I may not appear to be a jealous person. In fact, I periodically suffer from intense bouts of wanting. Wanting what, you may ask? More. More what? More whatever: money, time, space, things, anything. Food used to be on that list. I don't actively suppress the feeling when it is upon me, but I do sometimes fool myself into thinking I'm controlling it when in fact I am wallowing in the feeling while it exists. In very basic terms, I like the idea of not being content. It reminds me not to become complacent, even though by most standards, I should just enjoy myself and be content.
And there is the crucial difference. I am both happy where I am, doing what I'm doing, being with who I am. At the same time, I am not content to remain where I am, doing the things I'm doing, being with who I am, for very long. If life is a journey, stasis is your enemy.
I have a difficult time explaining this to people. By nature, people want to "fix" things that are wrong if they can, and for whatever reason, this strikes people as being "wrong." So I don't share this with too many people. I've had an ongoing debate about it with my lovely wife for over 14 years now. It's really just the "human" side of what she would call "going with the program." The unhealthy part (says she) is that I attempt to control the path, the motion along it, and probably the weather just for good measure!
I don't disagree, but if you can understand your own motivations (forget everyone else's), you can effect real change in yourself. If you can begin to grasp what motivates others, then you have a real shot at changing the world. For the purposes of this blog, changing myself is the ultimate goal, so we will stick to that for the time being.
My motivations led me to name this blog after Leonidas, King of Sparta during the beginning of the 5th Century B.C. I've linked the wikipedia article for those who want to read about this incredible individual. Assuming you know at least what is posted there, I will not regurgitate anything unnecessarily in what follows.
Leonidas' death at the battle of Thermopylae was predicted. Ignoring the loaded connotations of the word "predicted" for a moment, I look at the result of my weigh-in at the start of this journey as the same as the fate Leonidas met at Thermopylae. What could these two disparate events have in common? Allow me to explain.
The society that was ancient Sparta demanded that Leonidas die defending the pass at Thermopylae. His other "choices" were to retreat or surrender. These were not on the table for the 300 Spartans. Similarly, an ambitious executive in modern corporate America finds himself spending hour upon hour beyond what "normal" employees do, because it is "expected" that to advance, you have to do far more. These extended hours can wreck havoc on the health and well-being of the person, because work eats up the vast majority of time each week. Do this long enough without some balance, and the result approaches Leonidas'. I am not saying that I am Leonidas. Leonidas actually died for the principles he believed in. I intend to survive. Does that make me a coward? Perhaps in a sense.

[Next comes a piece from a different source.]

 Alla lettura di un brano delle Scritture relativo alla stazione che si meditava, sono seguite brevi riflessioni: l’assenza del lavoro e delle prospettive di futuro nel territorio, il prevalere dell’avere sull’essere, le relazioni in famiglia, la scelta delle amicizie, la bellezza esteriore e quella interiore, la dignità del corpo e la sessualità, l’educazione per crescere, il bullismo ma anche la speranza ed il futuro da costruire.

The culture of America as it exists today essentially pushes people down an unhealthy path, like animals to slaughter. I will not recount the endless statistics that describe "the obesity epidemic" that currently grips the country. I assume you're on board with the fact that it exists, and if our culture doesn't change in this regard, we are doomed. That said, there are people out there, living among us, who successfully go against the grain. These people ascribe to a higher ideal. Instead of accepting pink slime as food, because it's convenient, they actually eat whole grains, cook their own food (and some kill or grow their own), and generally ignore the stupidity of the rest of us. The path of least resistance, the one demanded by our culture as Americans, is killing us.
I can't tell you how difficult that last sentence was to write. For years, as my weight ballooned more and more out of control, I took solace in the fact that I "wasn't one of those psychos" who was "out in left field." Or something indeterminate like that. Maybe it's because I felt that I belonged to the majority, and staying with the herd was comforting. It isn't comforting any longer. The results of that attitude can be viewed in post number one. See link if you want to take a trip down memory lane.

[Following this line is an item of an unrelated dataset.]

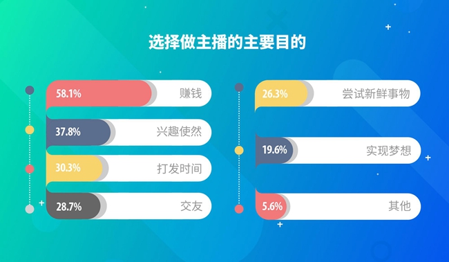 通过直播间这种线上强互动的形式,很多主播积累了不少忠实粉丝。受访主播表示“赚钱”、“兴趣爱好”、“打发时间”是自己选择做主播的主要目的。谈及“为何没有成为职业主播”,不少兼职主播表示“能力不够”、“时间精力不足”、“现有本职工作很好”,而受访直播观众也表示做主播是一件需要很强能力的工作,42.8%的观众不做主播的原因是因为“能力不够”。

To recap: Leonidas died honorably, beholden to the demands of his culture. I reached a point akin to the "choice" he had, and choose to honor my life, my wife, and my children by not dying early as a result of living a twisted version of what the American Dream seems to have become for so many. What this obviously oversimplifies, is what Leonidas' death achieved, and (likewise), what my survival could achieve. We will explore that idea in a future post.
As for the reason for this week's title beyond the obvious nationalistic nature of my post, Buffalo Wild Wings came to our town this week. We've been there three times this week. It's one of my favorite places (of the chains that I generally hate), and I still managed to lose weight this week.
Weight: 290.6 pounds (-52.0 lbs.), Waist: 52" (-7.8"), BMI: 41.7 (-7.5).